## [Supplied information]
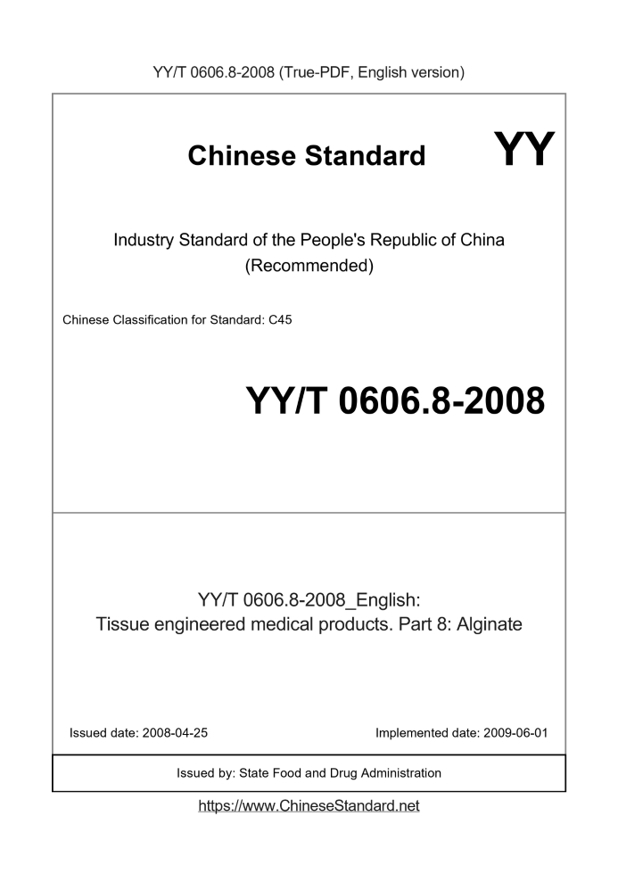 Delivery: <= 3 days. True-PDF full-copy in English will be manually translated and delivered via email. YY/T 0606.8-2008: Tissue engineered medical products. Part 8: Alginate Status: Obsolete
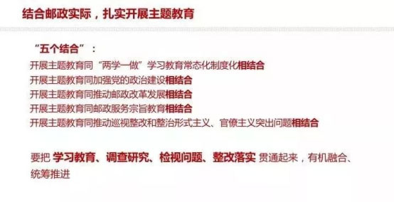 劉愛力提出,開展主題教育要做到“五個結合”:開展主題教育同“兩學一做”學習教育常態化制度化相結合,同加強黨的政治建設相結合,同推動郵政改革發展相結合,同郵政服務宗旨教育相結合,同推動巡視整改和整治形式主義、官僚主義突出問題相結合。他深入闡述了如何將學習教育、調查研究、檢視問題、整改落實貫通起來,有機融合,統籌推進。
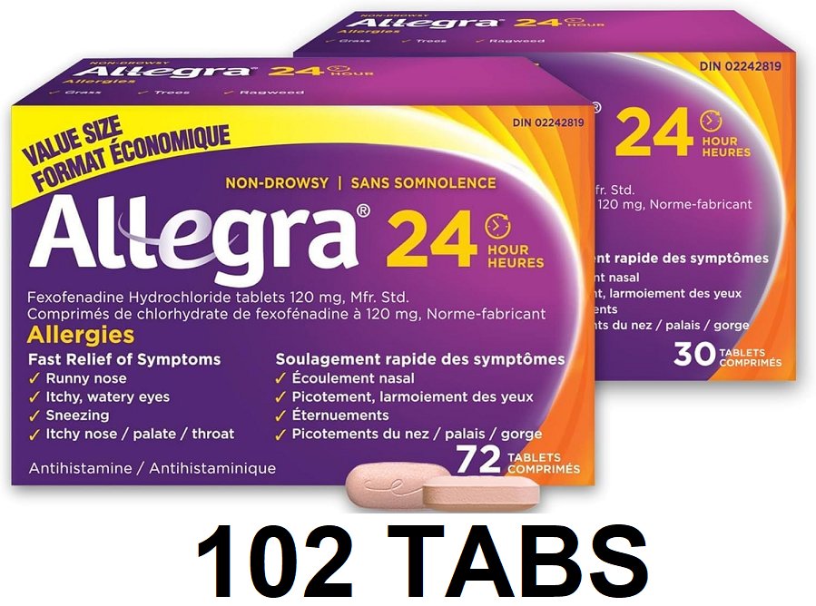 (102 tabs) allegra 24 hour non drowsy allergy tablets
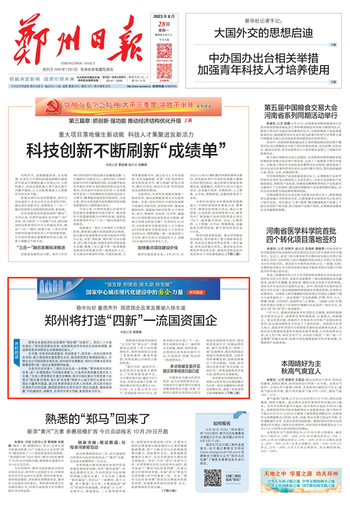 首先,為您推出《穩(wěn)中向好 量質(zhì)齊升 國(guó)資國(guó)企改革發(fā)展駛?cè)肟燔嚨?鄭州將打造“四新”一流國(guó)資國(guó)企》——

...

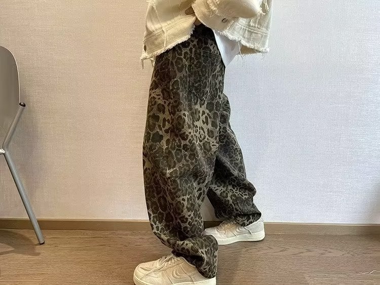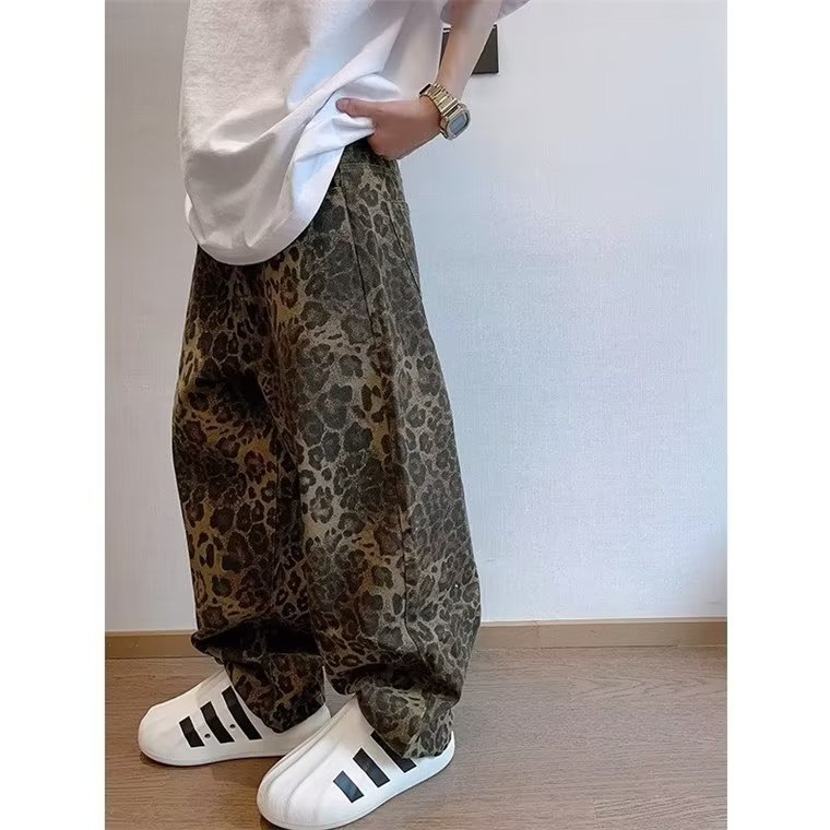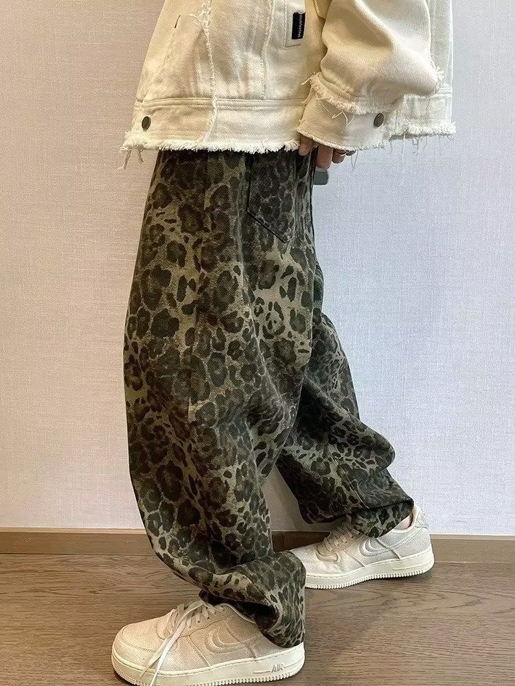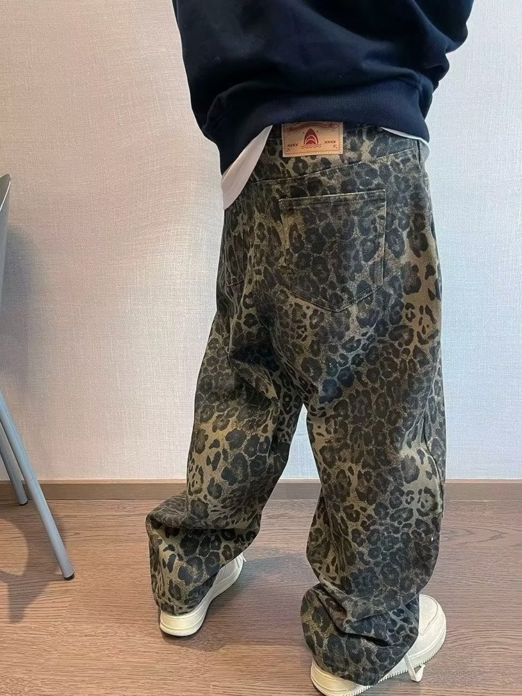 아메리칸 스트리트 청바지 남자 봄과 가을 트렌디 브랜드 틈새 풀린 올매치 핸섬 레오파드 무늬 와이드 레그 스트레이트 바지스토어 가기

## [Task objective]
Return exactly the lines above, from the one with "Delivery: <= 3" up to and including the one with "(102 tabs) allegra", and include no pictures.

## [Final answer]
 Delivery: <= 3 days. True-PDF full-copy in English will be manually translated and delivered via email. YY/T 0606.8-2008: Tissue engineered medical products. Part 8: Alginate Status: Obsolete
 劉愛力提出,開展主題教育要做到“五個結合”:開展主題教育同“兩學一做”學習教育常態化制度化相結合,同加強黨的政治建設相結合,同推動郵政改革發展相結合,同郵政服務宗旨教育相結合,同推動巡視整改和整治形式主義、官僚主義突出問題相結合。他深入闡述了如何將學習教育、調查研究、檢視問題、整改落實貫通起來,有機融合,統籌推進。
 (102 tabs) allegra 24 hour non drowsy allergy tablets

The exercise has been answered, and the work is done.